What a new Entertainment Centre could look like, according to Venues NSW.

FIVE years have passed since the sports minister of the day, Stuart Ayres, unveiled the first version of the Broadmeadow redevelopment now known as Hunter Park.

Details have emerged from time to time since then, and now it seems that Venues NSW - which has been given carriage of the redevelopment project by the state Coalition government - has arrived at the point where it has a workable business case to present.

This means the time is nearing when we will see how much interest the two major parties of NSW politics have in helping the city of Newcastle continue on its path of rebirth and modernisation.

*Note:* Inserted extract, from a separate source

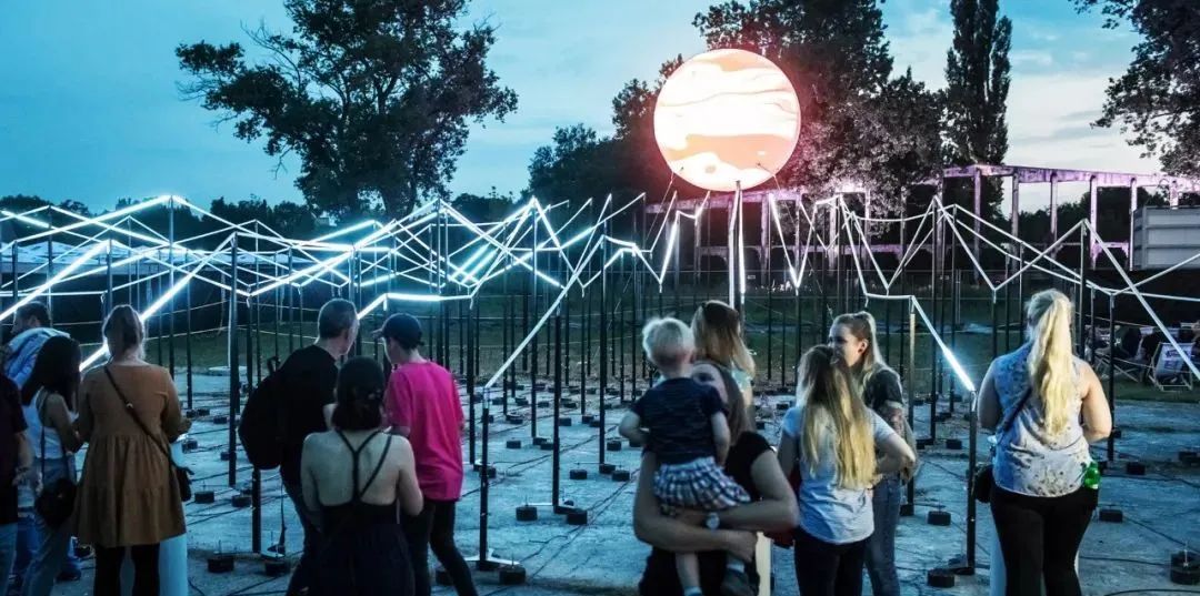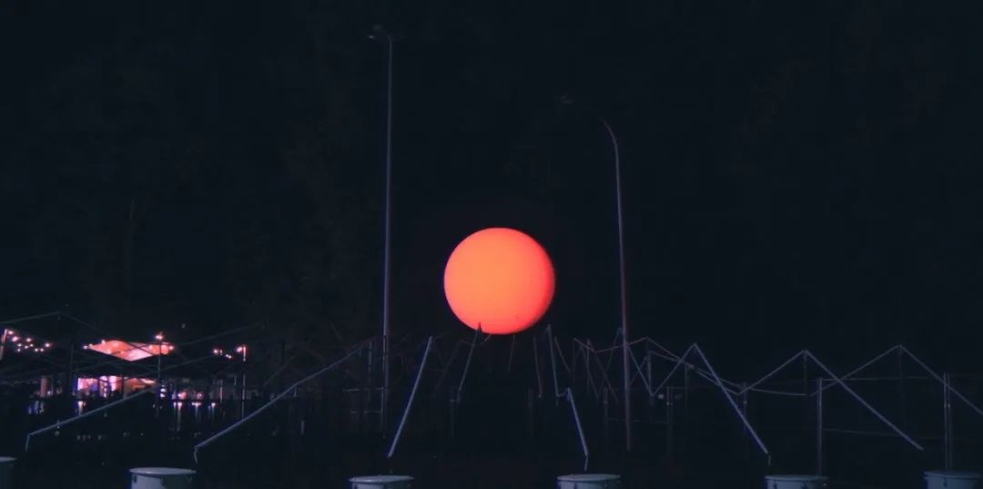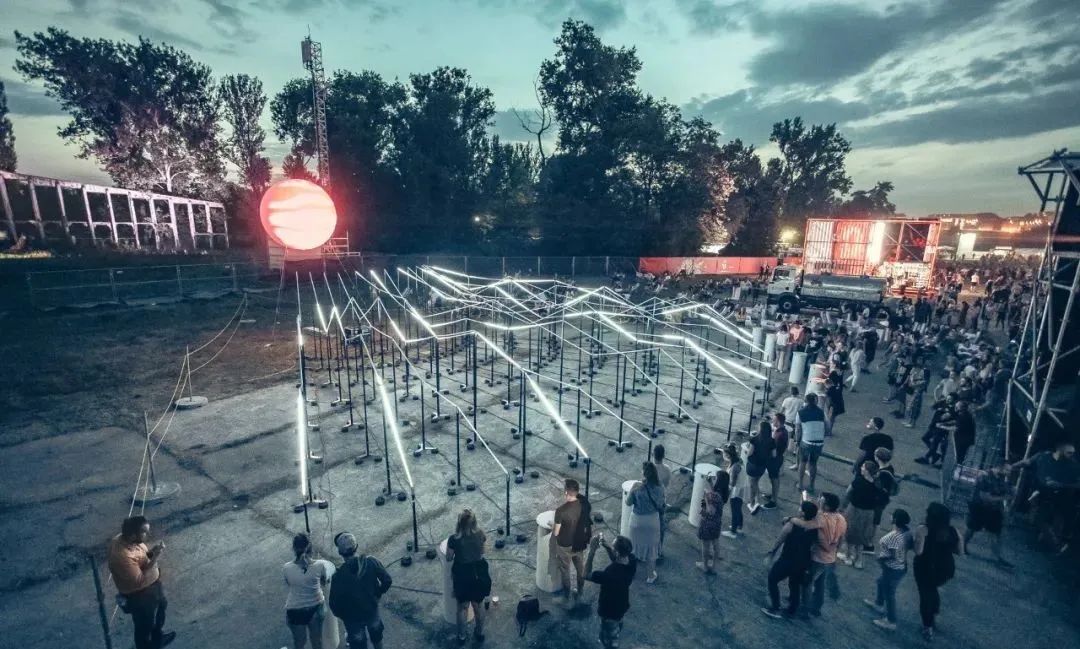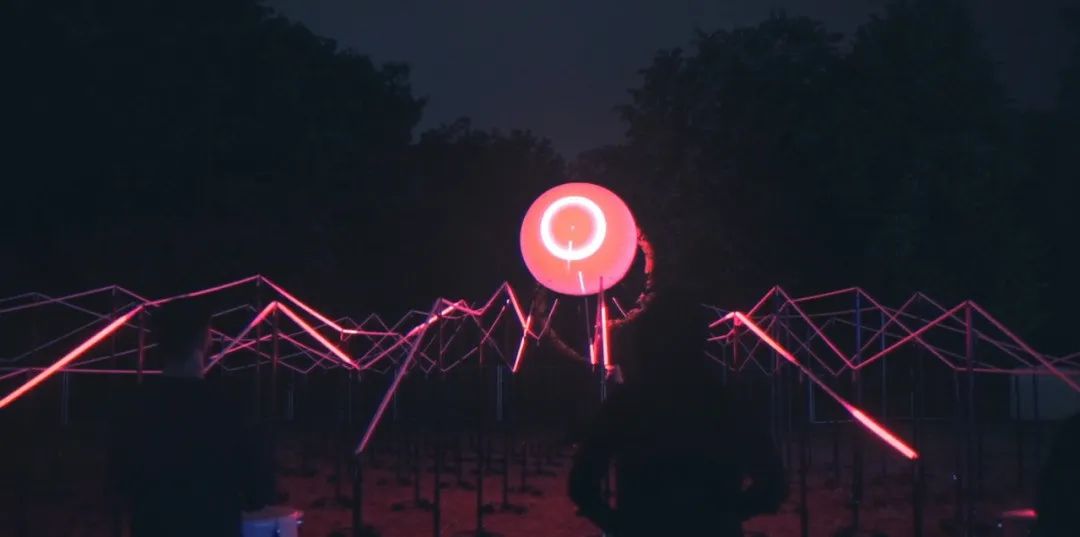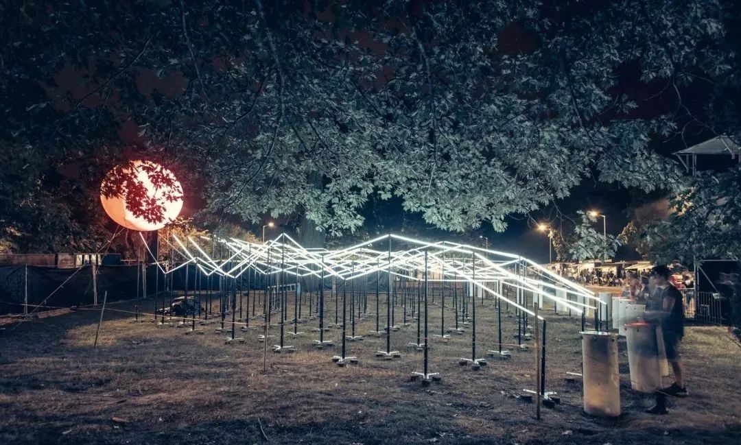 “光波鼓”占地面积约300平方米:包含15个安装LED控制器的PVC鼓,以及中心处一个直径约3米的氦气球,鼓和球之间由200米的传感LED灯带连接。为了增强灯带的视觉效果,灯带被架设出山峦般高低起伏的效果。

A business plan is one thing, but it is still early stages.

The images and figures that are now finding their way into the public domain are speculative and should not be taken as the final word on what the site will eventually look like if the full redevelopment goes ahead over the decade or more it will take to achieve.

But given the degree of criticism that the Revitalising Newcastle project attracted at the height of the light rail controversy, it would be naive to expect that everyone will be pleased with what Venues NSW is proposing for this crucial inner suburban piece of land.

Many people, though, will welcome the opportunities that a virtual new suburb will bring.

Integrated master-planning can ensure a guided balance of land use that is not always present in smaller scale projects.

Connections will be important, and there will never be a better opportunity to push for the promised light rail extension, which would add a whole new dimension to the present 2.7-kilometre run.

If there is a flashing light, it's the necessary realisation that residents in Hunter Park will be sharing their streets with regular hordes of spectators at the new entertainment centre - and the sports fields - at the heart of the design.

Noise must be expected, and accepted.

The other obvious challenge will be securing the necessary funding to turn dreams into reality.

This will take public funding, and substantial amounts of it. Demanding it all be paid for by developers, or through land sales, will lead to a second-rate outcome.

Or see it take decades for what has been promised as a 12-year project, to reach fruition.

ISSUE: 39,763

An end view of the entertainment centre.